OnDeck Capital has opened its OnDeck Marketplace platform to more institutional investors so that they can buy small business loans originated by the New York-based online lender.
OnDeck has been piloting its online lending platform for a year with a group of “inaugural” institutional investors, including asset managers, hedge funds, and business development companies, the company said in a press release on Thursday.
“Institutional investors have been seeking a platform to gain credit exposure to Main Street business loans at scale,” OnDeck’s chief executive Noah Breslow said in the release. “OnDeck Marketplace is a natural extension of the increased predictive power of our OnDeck Score, and further diversifies the company’s sources of revenue and capital.”

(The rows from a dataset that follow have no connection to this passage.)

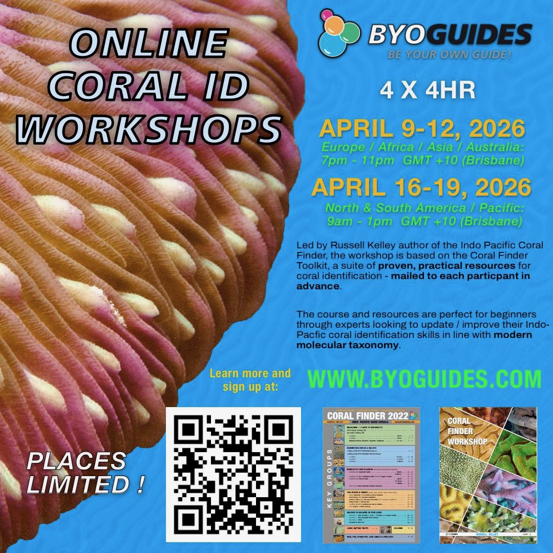 Russel Kelly has created an iconic set of Be Your Own (BYO) Guides which serve as a reference for coral and critter identification. His workshops provide a deep dive in using the guides along with the latest updates on coral ID and nomenclature through a series of interactive on-line sessions.
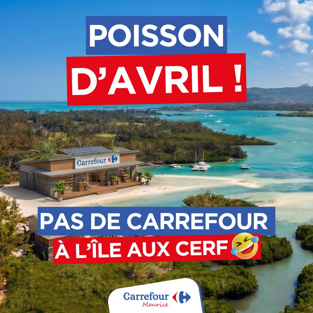 May be an image of text that says "POISSON D'AVRIL! Carrefour PAS DE CARREFOUR À L'ÎLE AUX CERF Carrefour Maurice"
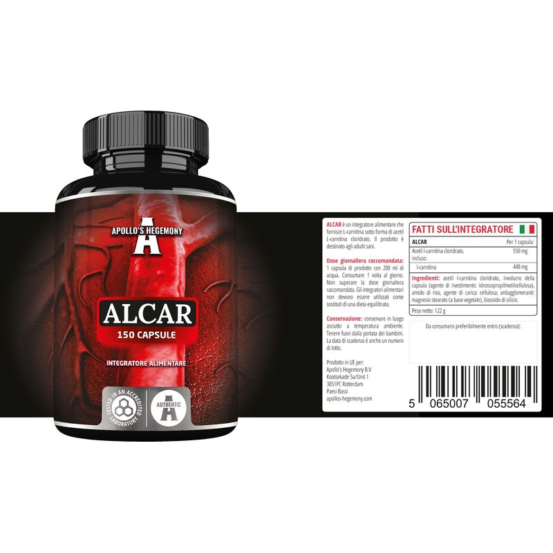 Apollo's Hegemony Acetyl L-Carnitine HCL 550 mg, ALCAR 150 Vegan Capsules, 5 Months Supply, High Strength Amino Acid Supplement, Supports Cognitive Functions & Energy Levels
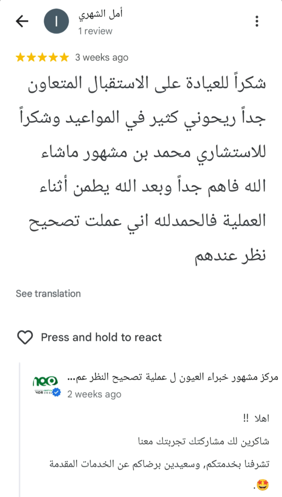 من بعض مراجعات ممن وثقوا بمركز مشهور خبراء العيون لإجراء عملياتهم من خارج المملكة وداخلها.
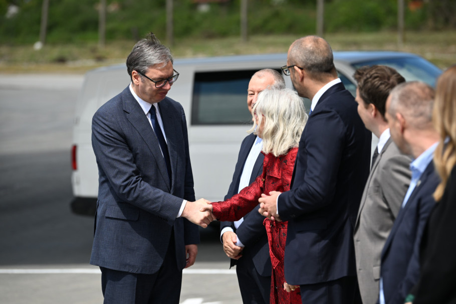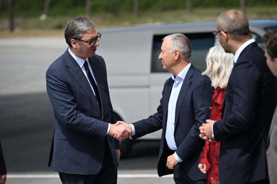 Predsednika Vučića dočekali su u krugu fabrike vlasnik Srpske fabrike stakla Igor Lah i generalni direktor Vaider Grupe Kristijan Froba, nakon čega su započeli sastanak.

To use the platform, an institutional investor opens an OnDeck Marketplace account, purchases loans on a programmatic basis, and then receives daily principal and interest payments from the loans it owns, the OnDeck said.
Loans on the marketplace are priced according to OnDeck Score, a business credit score based on analytics of small business data the company collects, “rather than relying solely on the small business owner’s personal credit history,” OnDeck said. Loans are graded A through F mostly based on their OnDeck Score, which then sets the prices institutional investors pay for individual loans.
An American Banker story on Thursday said that selling small business loans has been a growing strategy that online lenders have used to boost their bottom lines. OnDeck also recently started securitizing its small business loans that are not backed by the U.S. Small Business Administration.
Last month OnDeck completed an initial public offering and ended its first day of public trading valued close to $1.8 billion, according to American Banker.